はああああああああ、可愛いな、本当に可愛い。どこまでも可愛い。この世に存在しているということが罪なのではないか。

 オフィーリアを無事に家まで送り届けると、イアンは俺を待っていたかのようにその場に立ち尽くし見つめていた。

「これでオフィーリアは安心しただろうな」

「なんのことだ」

「国王に呼ばれたことは想定外だったが、それまでは全部シナリオ通りにしてやっただろ」

「オフィーリアはどんな反応をしていた」

「驚いていたいたな。でも見直したんじゃないか」

「俺をよく言い過ぎたのか」

「いや、お前が出来る男だというのは事実だろ。嘘は言っていない」

 それならいい。帰り道だってオフィーリアの変化はなかった。

 このまま俺のことを知り、そして愛してくれる可能性には着実に近づいているはずだ。

「もしかして、あれだけの溺愛ぶりも全て計算のうちか?」

「いや、それは本心だ」

「だろうな」

 それは最初から分かっているとでも言いたげな顔だった。可愛げがないのは今に始まったことではないが、協力者としてはこの上なく逸材だ。彼がいなければオフィーリアとの時間を確保することもできなかった。

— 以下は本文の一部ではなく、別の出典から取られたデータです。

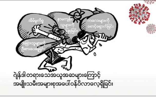
အိမ်မှုကိစ္စတွေဟာ အမျိုးသမီးတွေနဲ့ပဲ သက်ဆိုင်တယ်၊ ကလေးနဲ့ နာမကျန်းသူတွေကို ပြုစုစောင့်ရှောက်ဖို့က အမျိုးသမီးတွေရဲ့ တာဝန်ပဲဖြစ်တယ် အစရှိတဲ့ ဂျွန်ဒါ တရားသေ အယူအဆများကြောင့် အမျိုးသမီးအများစုအပေါ်မှာ ဝန်ပိလာလေ့ရှိခြင်း

 深く息を吐き、視線を遠くに投げかけた。暗くなり始めた空の中、星がぽつぽつと顔を出し始めている。

「とはいえ、少しは休んだらどうだ」

 イアンの言葉にふっと笑う。

「いつからそんな過保護になったんだ」

「騎士団としての仕事を疎かにするどころか、完璧にこなしているだろう。それに加えてオフィーリアだ。どう考えても両立できるものじゃない」

「できるさ。今のところ支障はない」

「これからは分からないだろ。お前が倒れたと聞けば国王だって黙ってはない」

「……そうかもしれないな」

 オフィーリアを訓練所に連れてきた直後にあった出来事を思い出す。

 イアンにオフィーリアを託し、俺は城の広間に立っていた。国王の前に直立不動の姿勢で控える。国王は威厳のある老齢の男性で、俺を見つめるその眼差しには、何か重大な決断を迫るような厳しさがあった。

『アーロ、聞いたところによると、村で少々目立つ行動をしているようだな』

『見回りの範囲を広げたいと思っての行動です』

 不要なことは言うまいと短く答えた。

『責めているわけではない。ただ、私の騎士団長として、無闇に目立つ行動は慎むべきだとは思わんか』

 やはりそうきたか。国王の言葉には明確な意図が含まれていた。

『承知しております。しかし、私が行っていることは村の安全と平和を守るために行っていることです。ご理解いただけないでしょうか』

国王はしばらく黙っていたが、その後すぐにため息をついた。

『よかろう。だが、無用な噂が広まらぬよう、慎重に行動するように。騎士団長たるもの、そして私の右腕となるよう、常に国の利益を第一に考えねばならぬ』

『ご忠告、感謝いたします。今後とも、国のために尽力いたします』

 そろそろ来るころだろうとは思っていたが、やはり国王の耳には入っていたか。

 俺を野放しにしたくないのは、やはり十年前の一件があるからだろう。それでも、この十年大人しくしていたのだから、少しは自由にしてほしいものだ。

 国を守るために尽力はする。だが、最優先事項はオフィーリアだ。